Record set below:
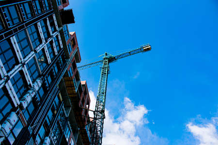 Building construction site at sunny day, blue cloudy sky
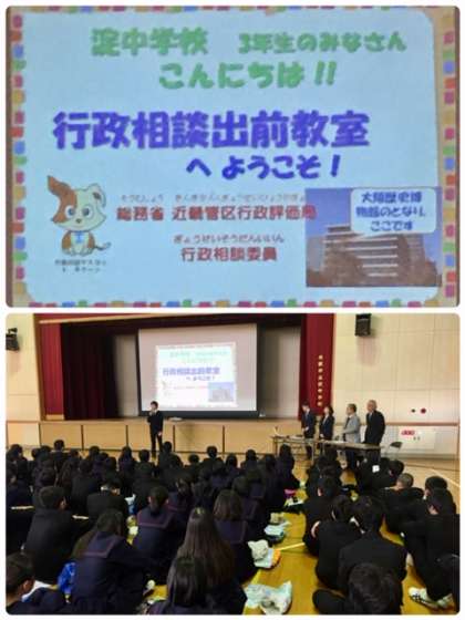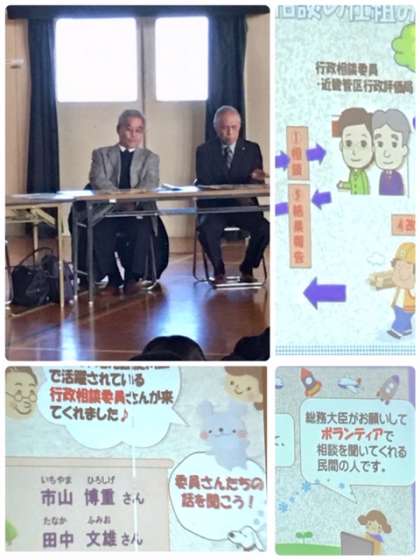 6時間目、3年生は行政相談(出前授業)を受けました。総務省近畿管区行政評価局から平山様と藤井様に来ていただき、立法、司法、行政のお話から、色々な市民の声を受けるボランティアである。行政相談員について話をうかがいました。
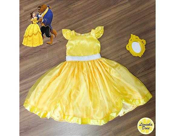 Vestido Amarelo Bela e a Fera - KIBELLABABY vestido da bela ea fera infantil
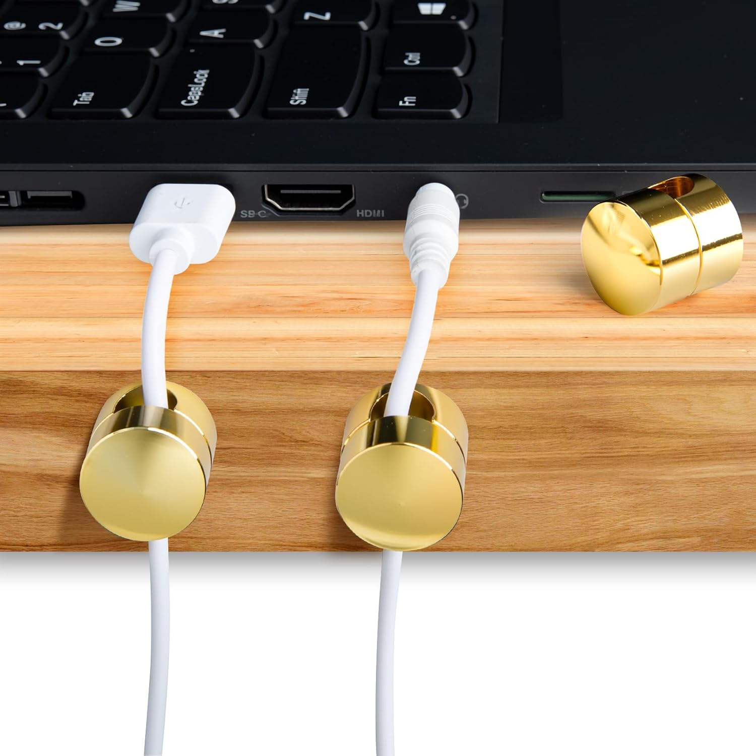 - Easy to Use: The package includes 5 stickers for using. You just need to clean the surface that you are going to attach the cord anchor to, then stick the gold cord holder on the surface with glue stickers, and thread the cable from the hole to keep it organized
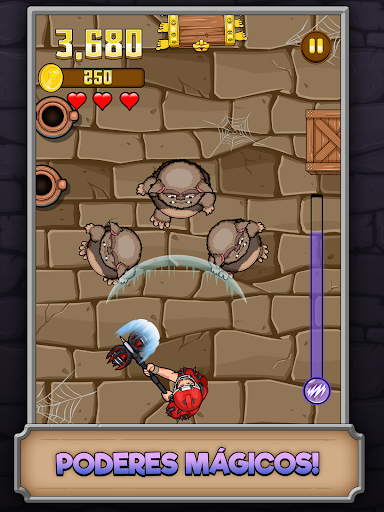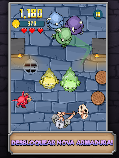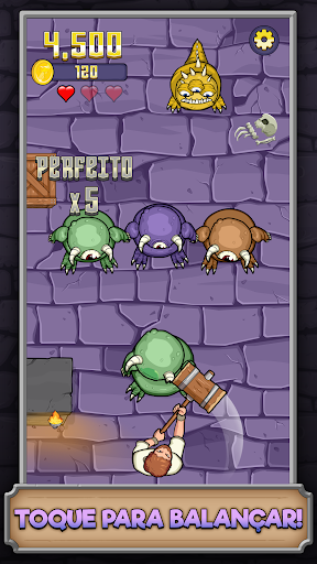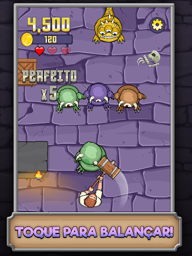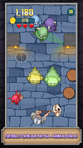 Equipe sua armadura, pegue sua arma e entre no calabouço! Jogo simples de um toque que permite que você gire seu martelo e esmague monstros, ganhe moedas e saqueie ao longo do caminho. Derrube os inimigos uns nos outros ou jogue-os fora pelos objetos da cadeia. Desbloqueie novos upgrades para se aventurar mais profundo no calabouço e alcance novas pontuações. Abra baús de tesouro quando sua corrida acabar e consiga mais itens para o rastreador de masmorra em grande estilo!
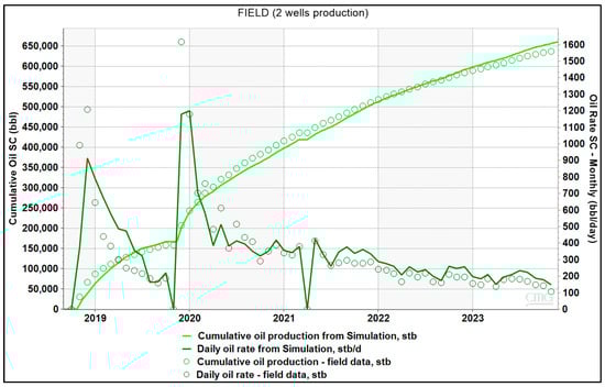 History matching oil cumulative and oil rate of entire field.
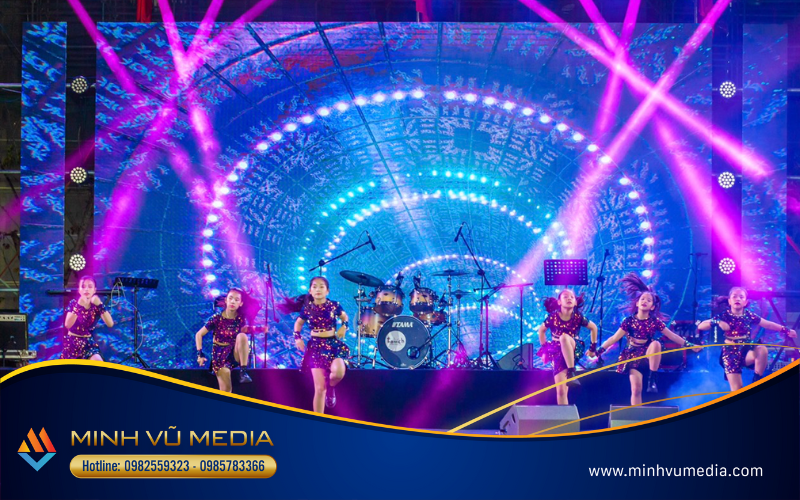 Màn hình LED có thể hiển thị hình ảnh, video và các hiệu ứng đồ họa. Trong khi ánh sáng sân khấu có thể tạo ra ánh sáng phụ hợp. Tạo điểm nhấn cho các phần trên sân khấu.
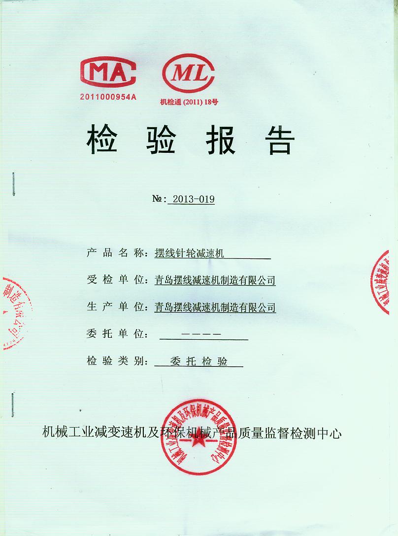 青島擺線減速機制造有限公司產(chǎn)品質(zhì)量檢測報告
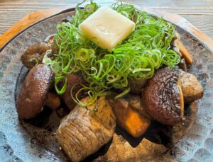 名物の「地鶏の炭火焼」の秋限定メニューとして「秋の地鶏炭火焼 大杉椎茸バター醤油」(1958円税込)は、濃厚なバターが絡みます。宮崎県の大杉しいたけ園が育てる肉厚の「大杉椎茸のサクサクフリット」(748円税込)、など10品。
End of Record set.
_Task directions_
Restate word for word, and only, the lines from the line that contains "History matching oil" through the end of the data, both included; pictures are not part of the copy.

_Response to this task_
 History matching oil cumulative and oil rate of entire field.
 Màn hình LED có thể hiển thị hình ảnh, video và các hiệu ứng đồ họa. Trong khi ánh sáng sân khấu có thể tạo ra ánh sáng phụ hợp. Tạo điểm nhấn cho các phần trên sân khấu.
 青島擺線減速機制造有限公司產(chǎn)品質(zhì)量檢測報告
 名物の「地鶏の炭火焼」の秋限定メニューとして「秋の地鶏炭火焼 大杉椎茸バター醤油」(1958円税込)は、濃厚なバターが絡みます。宮崎県の大杉しいたけ園が育てる肉厚の「大杉椎茸のサクサクフリット」(748円税込)、など10品。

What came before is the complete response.